(Records drawn from a dataset)

- - - - - - -

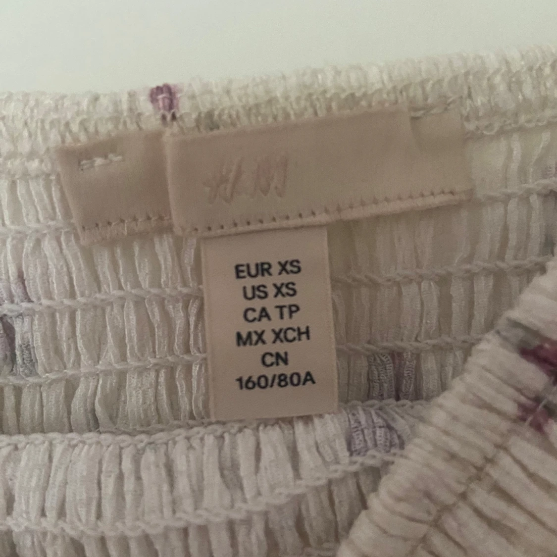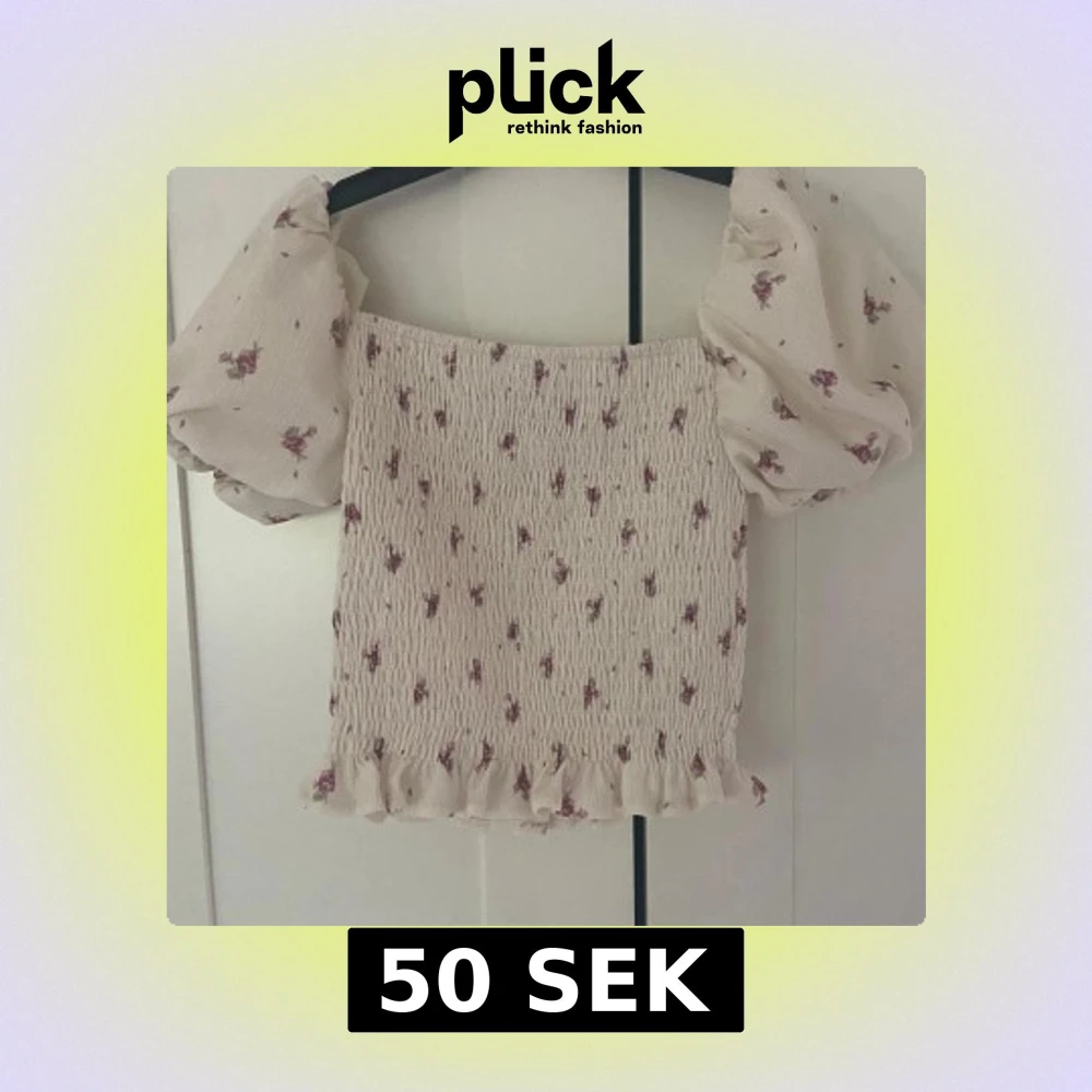 Supersöt offshoulder topp från H&M i ljusbeige med små blommor och puffiga korta ärmar. Smockad kropp och volangkant nertill. Perfekt för en romantisk look!
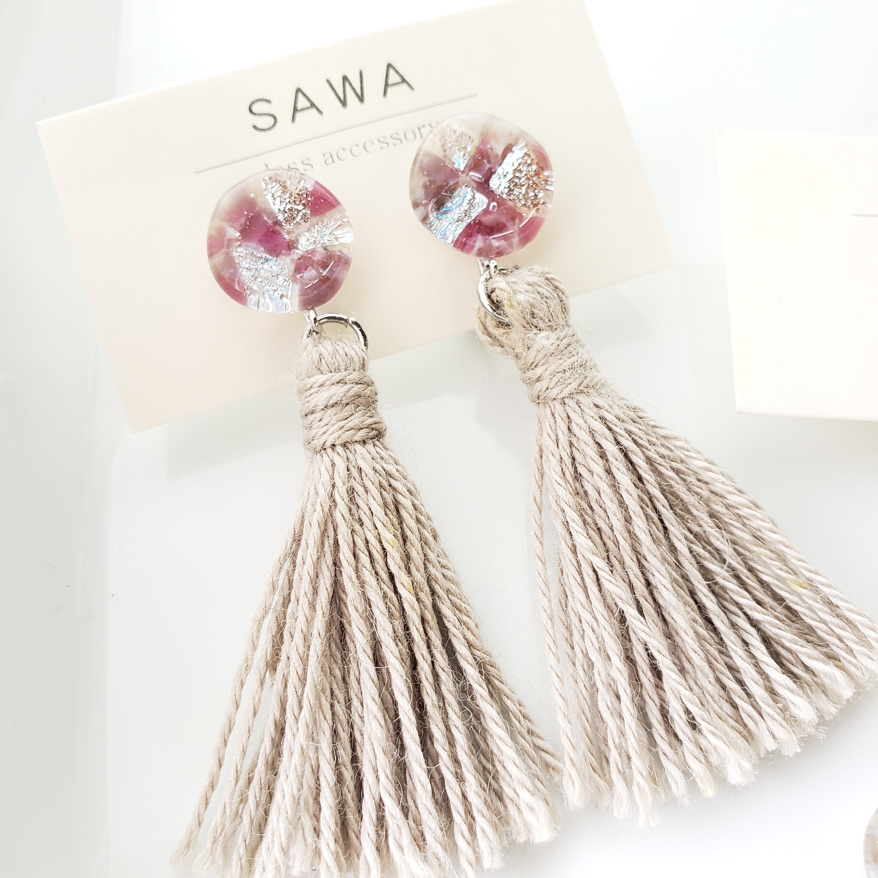 ディープピンクとシルバーガラスを閉じ込めて焼いたフリンジイヤリング。
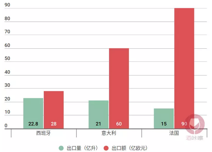 2017,西班牙葡萄酒的出口量超越法國和意大利,位居世界第一,不過盡管西班牙葡萄酒出口量如此龐大,它與意大利和法國葡萄酒所帶給人的印象完全不同,在人們的印象中,西班牙葡萄酒向來價(jià)格便宜,而這一點(diǎn)在其出口額上也能體現(xiàn)。
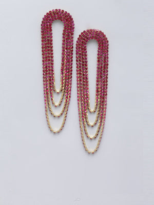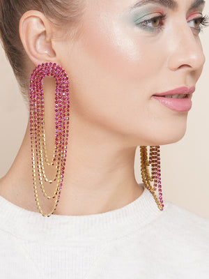 Gold-Plated Pink Rhinestone Studded Drop Earrings
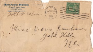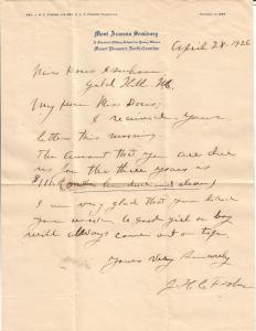 Letter from Mont Amoena principal, J. H. C. Fisher, to Doris Isenhour, 28 Apr 1926. From the Doris Isenhour Melchor Collection. Courtesy of Carla Melchor Ashton. Click on the images to enlarge.
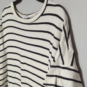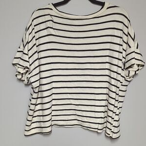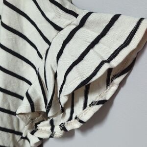 White with black stripes. Dropped shoulder with ruffle detail.
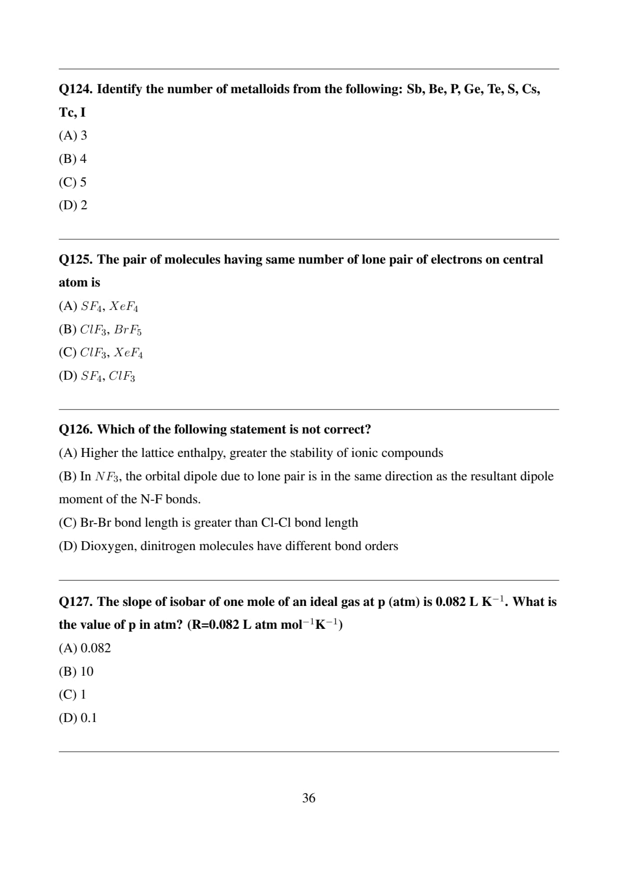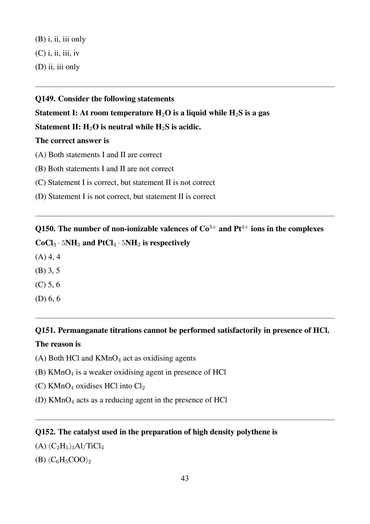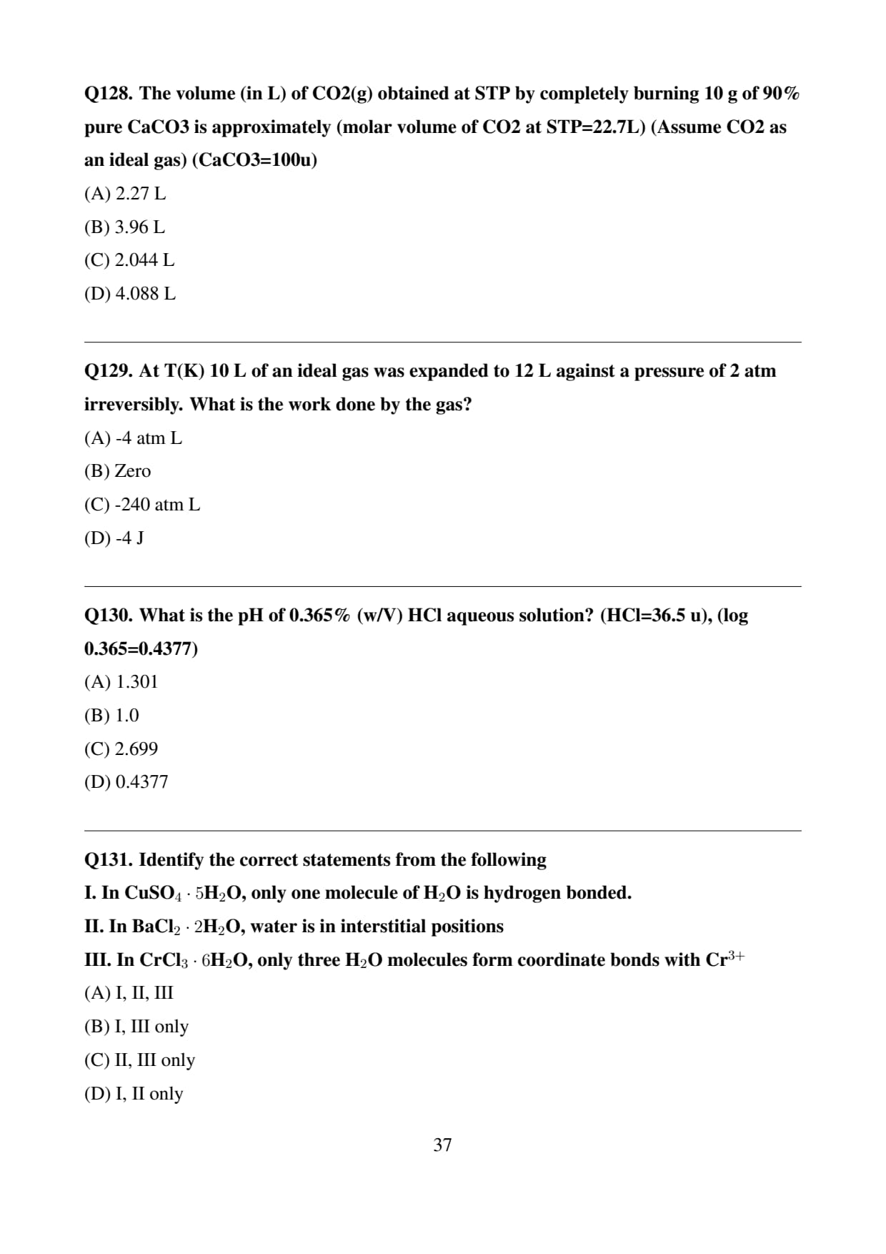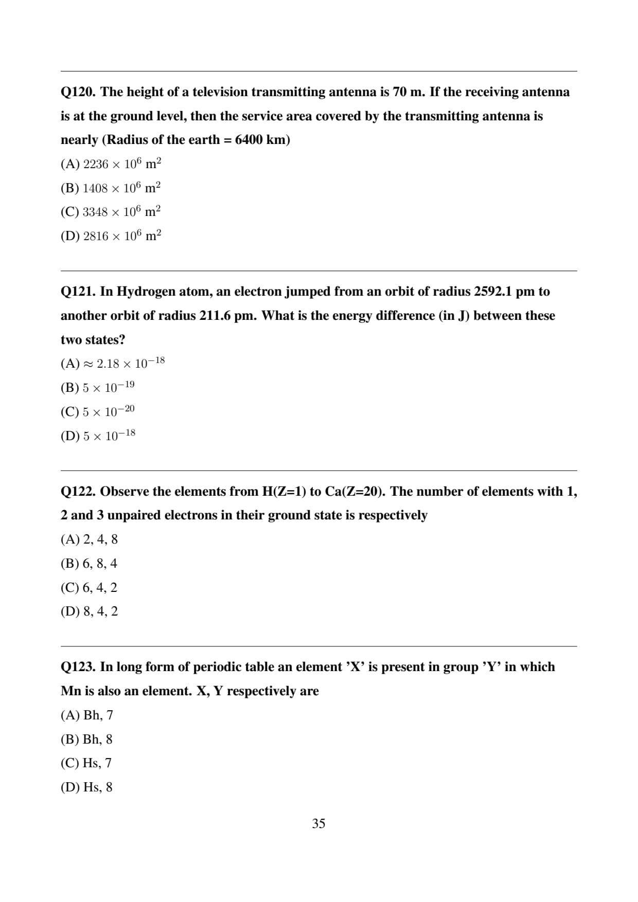 | Chemistry | Easy to Moderate | Atomic Structure, Chemical Bonding, Thermodynamics, Organic Chemistry (Hydrocarbons, Alcohols, Phenols) |

- - - - - - -

AIM OF THE TASK
Restate word for word only the lines that run from the line holding "Letter from Mont" to the end of the data, both ends kept, leaving every picture out.

RESULT OF THE EXERCISE
 Letter from Mont Amoena principal, J. H. C. Fisher, to Doris Isenhour, 28 Apr 1926. From the Doris Isenhour Melchor Collection. Courtesy of Carla Melchor Ashton. Click on the images to enlarge.
 White with black stripes. Dropped shoulder with ruffle detail.
 | Chemistry | Easy to Moderate | Atomic Structure, Chemical Bonding, Thermodynamics, Organic Chemistry (Hydrocarbons, Alcohols, Phenols) |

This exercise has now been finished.